Work to be completed: Copy exactly the lines from the beginning of the data down to and including the line holding "Hišice za praznično", without any pictures.

Entries provided:
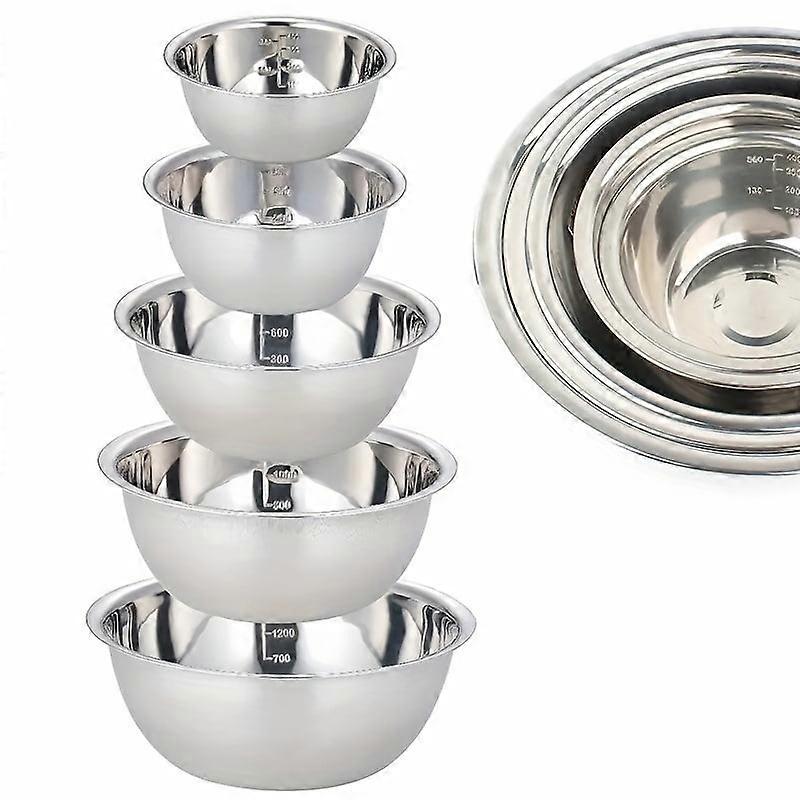 5pcs Stainless Steel Mixing Bowls with Scale, Compatible with Kitchen Cooking, Baking, Prepping, Fruit, Noodles
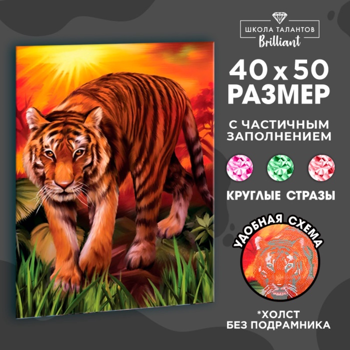 УЦЕНКА Алмазная вышивка с частичным заполнением «Тигр на закате» без рамы 40×50 см
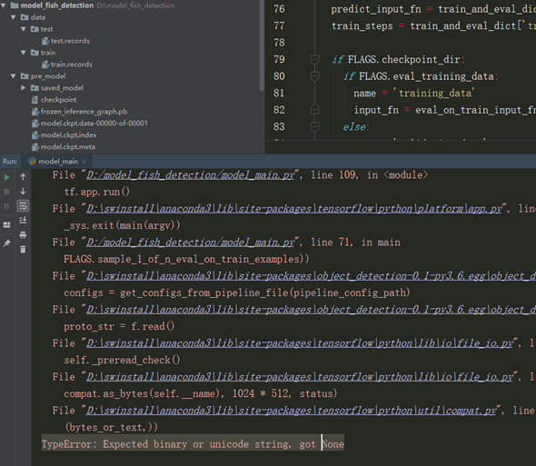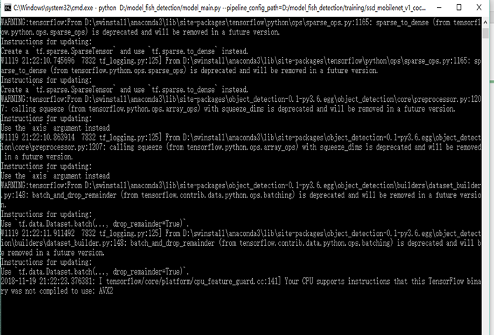 Python D:/model_fish_detection/model_main.py --pipeline_config_path=D:/model_fish_detection/training/ssd_mobilenet_v1_coco.config --model_dir=D:/model_fish_detection/result --num_train_steps=500 --num_eval_steps=200 --alsologtostderr
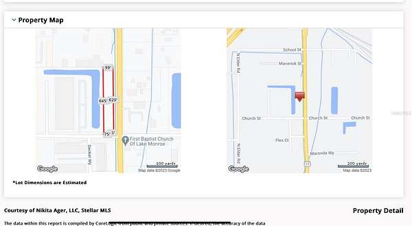 I-4 to Sanford exit 101BC to SR 46. Head east .09 miles to Monroe st /17-92. Head north .07 miles and property is on the left. Corner of Monroe/19-92 and Church Street
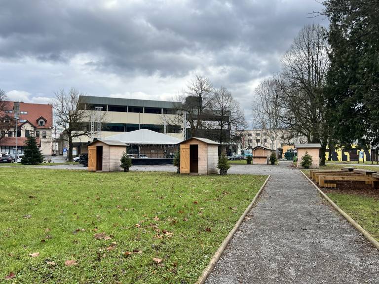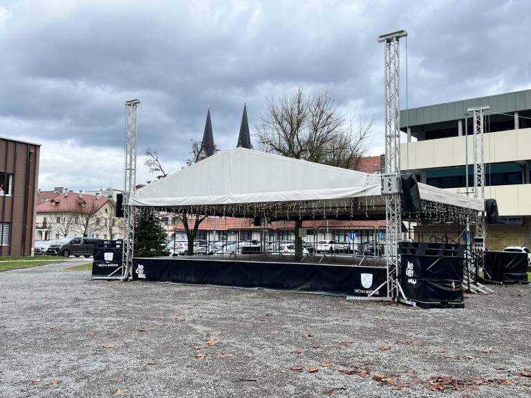 Hišice za praznično ponudbo že stojijo, veliki oder je že okrašen.
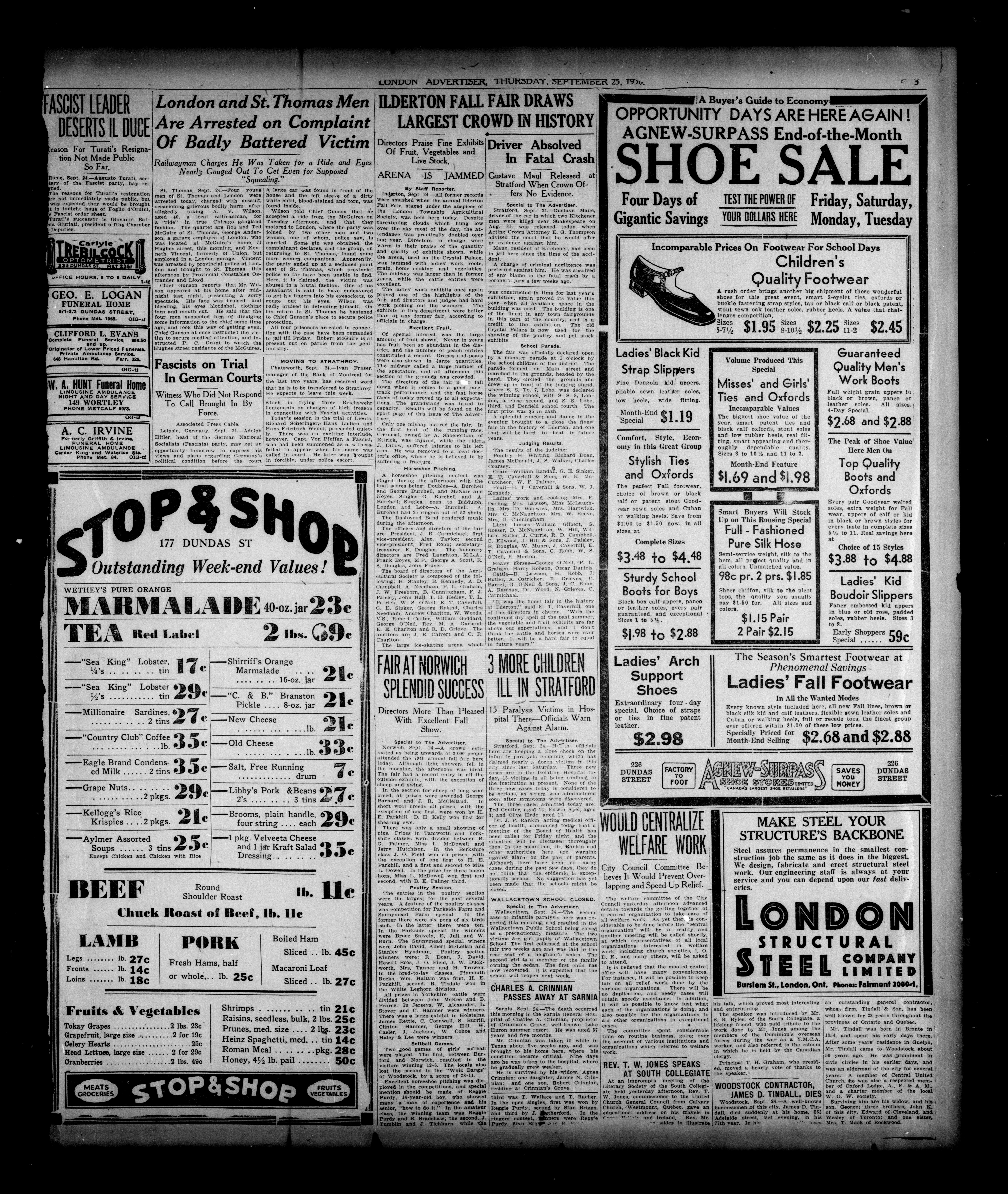 London Evening Advertiser. : London evening advertiser : 67th Year, No. 25452 (September 25, 1930)

Exercise response:
 5pcs Stainless Steel Mixing Bowls with Scale, Compatible with Kitchen Cooking, Baking, Prepping, Fruit, Noodles
 УЦЕНКА Алмазная вышивка с частичным заполнением «Тигр на закате» без рамы 40×50 см
 Python D:/model_fish_detection/model_main.py --pipeline_config_path=D:/model_fish_detection/training/ssd_mobilenet_v1_coco.config --model_dir=D:/model_fish_detection/result --num_train_steps=500 --num_eval_steps=200 --alsologtostderr
 I-4 to Sanford exit 101BC to SR 46. Head east .09 miles to Monroe st /17-92. Head north .07 miles and property is on the left. Corner of Monroe/19-92 and Church Street
 Hišice za praznično ponudbo že stojijo, veliki oder je že okrašen.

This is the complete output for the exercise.